= S. K. Gupta =

Indian-American business executive

Sudhir k (better known as S. K. Gupta) is an Indian-American business executive.

==Education==
In 1972 Gupta graduated from the DMET, Kolkata in India, now known as the Indian Maritime University. In 1981 he then graduated with a BSE degree in naval architecture and marine engineering from the University of Michigan. After this he graduated from an MBA at Seattle University.

==Career==
===Business career===
Out of the University of Michigan Gupta started working for Designers and Planners Inc, before moving to Lockheed Martin in January 1982. He became manager of technical programs at Lockheed Shipbuilding Company by 1986. He has held technical and management assignments in engineering, business operations, business development, operations and program management on commercial, military and classified programs, including as the test director of the stealth ship Sea Shadow from 1988 to 1995. Prior to coming to the US, he served as chief engineer on merchant ships. Sudhir K. Gupta was the Vice President of Operations for Lockheed Martin Space Systems Company (SSC) from 2001 until 2011.

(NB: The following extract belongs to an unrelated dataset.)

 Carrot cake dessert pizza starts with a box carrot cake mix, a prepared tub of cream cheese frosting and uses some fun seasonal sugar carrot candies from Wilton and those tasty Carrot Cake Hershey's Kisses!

Gupta has been a member of the Board of Directors of Sandia National Laboratories. He was also on the Board of Directors for Lean Advancement Initiative consortium and a member of the Industry Advisory Board of Tauber Institute for Global Operations, University of Michigan, he also served Lockheed Martin’s Co-University Executive for University of Michigan. Gupta serves on the Senior Advisory Board of LMC Properties, Inc and was member of San Jose Museum of Arts’ Board of Trustees as well as a member of the Board of Directors of LEAP (Leadership Education for Asian Pacifics).

===Public life===
Gupta has previously served as a Bay Area Council Executive Committee member, and hosted both Executive Committee and Board of Directors meetings. On January 31, 2011, a member's resolution forwarded by California Assemblymen Bob Wieckowski and Paul Fong of the California State Assembly was passed on the Assembly floor upon the occasion of Gupta's retirement from the Lockheed Martin Space Systems Company. In it, they stated that Gupta had been a Bay Area Council Executive Committee member, on the board for the US Department of Energy's Sandia National Laboratories, and on the board of the San Jose Museum of Art.

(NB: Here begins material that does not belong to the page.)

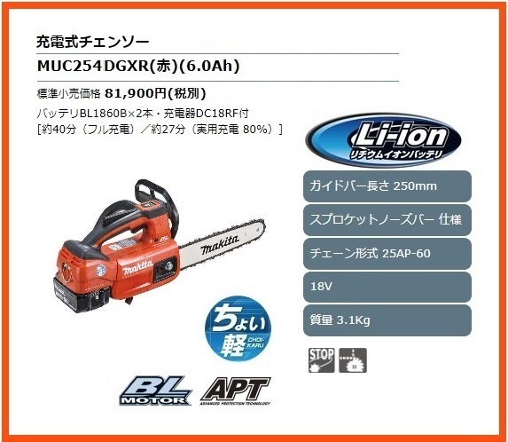 > マキタ 250mm 18V 充電式チェンソー MUC254DGXR (赤) [6.0Ah]【スプロケットノーズバー仕様】 ■安心のマキタ純正/新品/未使用■

Gupta was the Managing Director and Co-Founder of Ascend Pinnacle, the Asian American Corporate Directors Network, retiring in 2018 with over 200 experienced board directors as members. He served on the Board of Directors of APIA Scholars from 2014 to 2020.

==Recognition==
In 1984 Gupta received the Lockheed Corporation’s Robert E. Gross Award as Engineer/Scientist of the Year for his stability studies on LSD-41 class ships. In February 2004, Gupta was honored by the Chinese Institute of Engineers USA, and received the Asian American Engineer of the Year Award. In 2010, he received the Ellis Island Medal of Honor. He is also the recipient of a Popular Mechanics design and engineering award and the Department of Defense Single Process Initiative Award.